The bitter truth was slowly dawning upon the wife. She was repeating my words in a whisper, as if to grasp their full meaning.
“He said also,” I continued, “‘Tell Babette I weep with her.’”
She was very still and dazed; her fingers went to her white lips, and stayed there for a moment. I never saw such a numb misery in any face.
“And last of all, he said, ‘Ah, mon grand homme de Calvaire—bon soir!’”
She turned round, and went and sat down beside the old man, looked into his face for a minute silently, and then said, “Grandfather, Jean is dead; our Jean is dead.”
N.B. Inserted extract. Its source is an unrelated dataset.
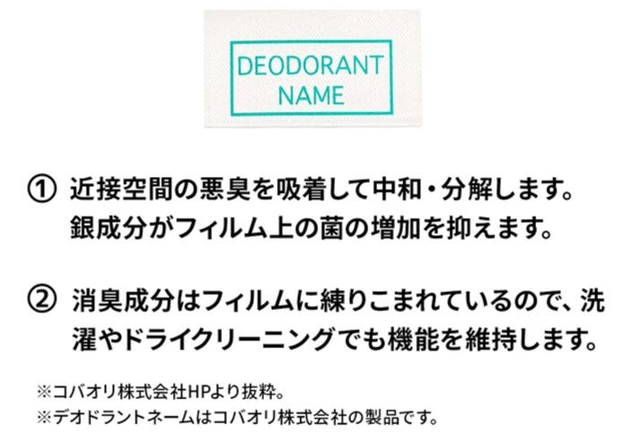 ※使用しているデオドラントタグの特徴です。本製品での消臭・抗菌性の試験は実施しておりません。
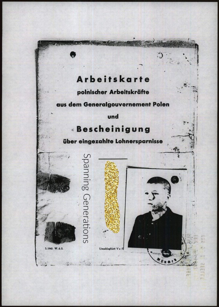 To the right, you’ll see an “official” document from a workcamp – the man in the photo is my maternal grandfather as a young man, freshly arrived to work on a farm during WWII.

The old man peered at her for a moment, then broke into a strange laugh, which had in it the reflection of a distant misery, and said, “Our little Jean, our little Jean Labrouk! Ha! ha! There was Villon, Marmon, Gabriel, and Gouloir, and all their sons; and they all said the same at the last, ‘Mon grand homme—de Calvaire—bon soir!’ Then there was little Jean, the pretty little Jean. He could not row a boat, but he could ride a horse, and he had an eye like me. Ha, ha! I have seen them all say good-night. Good-morning, my children, I will say one day, and I will give them all the news, and I will tell them all I have done these hundred years. Ha, ha, ha—”
The wife put her fingers on his lips, and, turning to me, said with a peculiar sorrow, “Will they fetch him to me?”
I assured her that they would.
The old man fixed his eyes on me most strangely, and then, stretching out his finger and leaning forward, he said, with a voice of senile wildness, “Ah, ah, the coat of our little Jean!”
I stood there like any criminal caught in his shameful act. Though I had not forgotten that I wore the dead man’s clothes, I could not think that they would be recognized, for they seemed like others of the French army—white, with violet facings. I can not tell to this day what it was that enabled them to detect the coat; but there I stood condemned before them.